Chief Justice John Roberts’s annual year-end reports often examine timely issues facing the federal judiciary, connecting them with historical analogs. For instance, his 2022 report addressed escalating threats of violence directed at jurists––most prominently, one targeting Justice Brett Kavanaugh by a since-indicted man incensed by the leaked draft opinion in Dobbs v. Jackson Women’s Health Organization.
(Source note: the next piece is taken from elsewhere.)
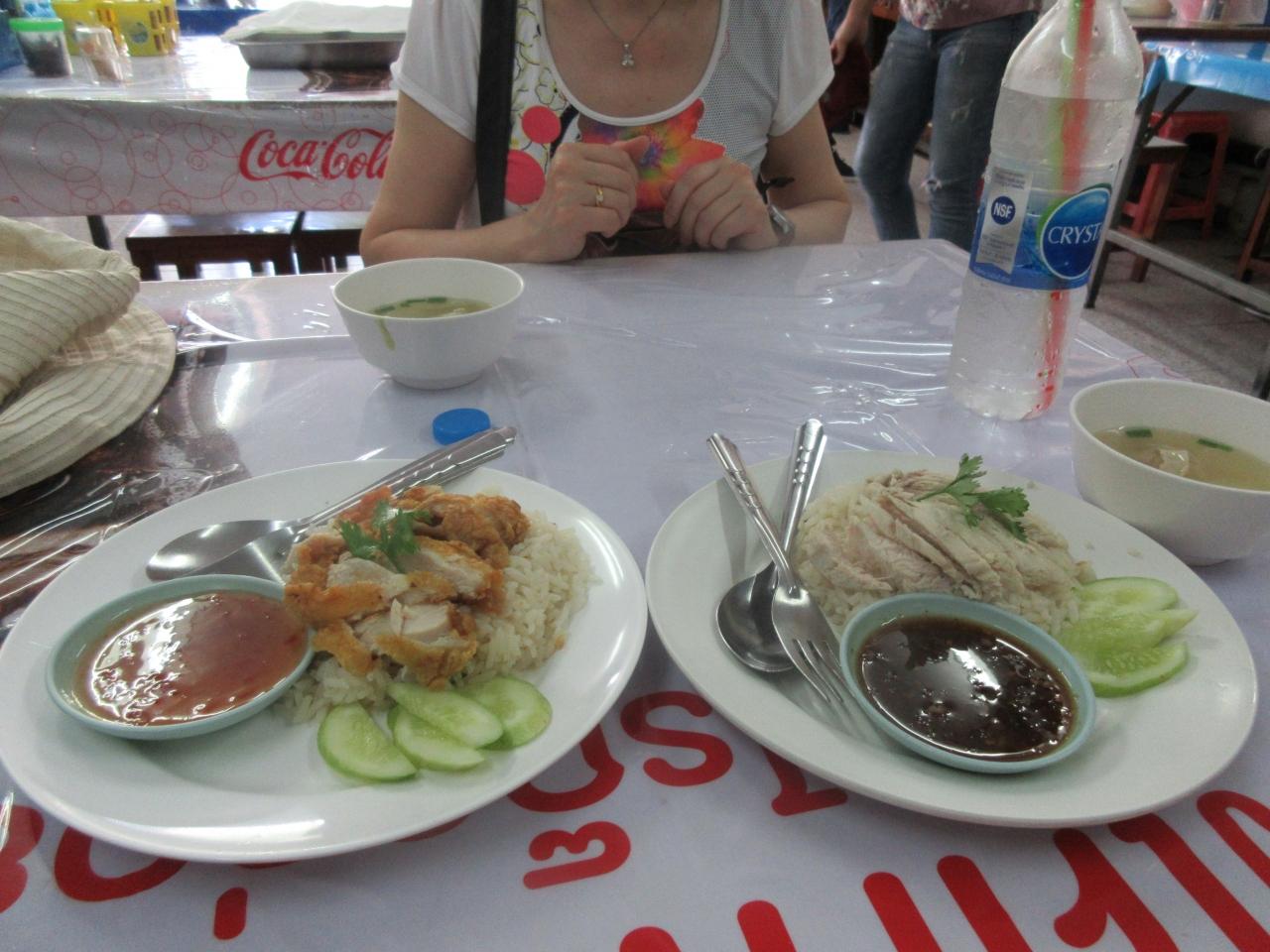 バス停のそばに、緑のどんぶりマークの付いたカオマンガイ屋が

Drawing a parallel to threats directed at Judge Ronald N. Davies 65 years earlier in Arkansas “for following the law” in school-desegregation litigation, Roberts explained that “a judicial system cannot and should not live in fear. The events of Little Rock teach about the importance of rule by law instead of by mob.”
Roberts’s 2023 year-end report addresses the very different kinds of threats and the immense legal benefits of artificial intelligence (AI). Mirroring his position near the Court’s ideological center, Roberts is neither alarmist about nor enraptured by AI. To paraphrase a line from Roberts’s opening statement at his 2005 confirmation hearing, he sees potential balls and strikes. As he encapsulates it, AI carries “great potential to dramatically increase access to key information for lawyers and non-lawyers alike. But just as obviously it risks invading privacy interests and dehumanizing the law.” In short, Roberts wrestles with a variant of the question AEI’s Shane Tews recently posed: “How can we harness AI’s potential while safeguarding ethics and human values?”
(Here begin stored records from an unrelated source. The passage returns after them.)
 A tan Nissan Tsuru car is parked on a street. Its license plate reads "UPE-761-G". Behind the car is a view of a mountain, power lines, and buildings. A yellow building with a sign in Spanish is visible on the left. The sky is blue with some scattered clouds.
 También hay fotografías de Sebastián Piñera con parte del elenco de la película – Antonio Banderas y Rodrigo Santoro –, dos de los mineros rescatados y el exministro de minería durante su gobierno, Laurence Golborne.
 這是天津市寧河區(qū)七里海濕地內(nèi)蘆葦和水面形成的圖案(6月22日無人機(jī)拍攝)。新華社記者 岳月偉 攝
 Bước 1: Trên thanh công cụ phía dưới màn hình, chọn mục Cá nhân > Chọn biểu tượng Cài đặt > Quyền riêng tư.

Benefits. Roberts notes that AI can enhance access to the justice system for those unable to afford attorneys while simultaneously speeding up proceedings and lowering costs. “It drives new, highly accessible tools that provide answers to basic questions, including where to find templates and court forms, how to fill them out, and where to bring them for presentation to the judge—all without leaving home,” Roberts observes.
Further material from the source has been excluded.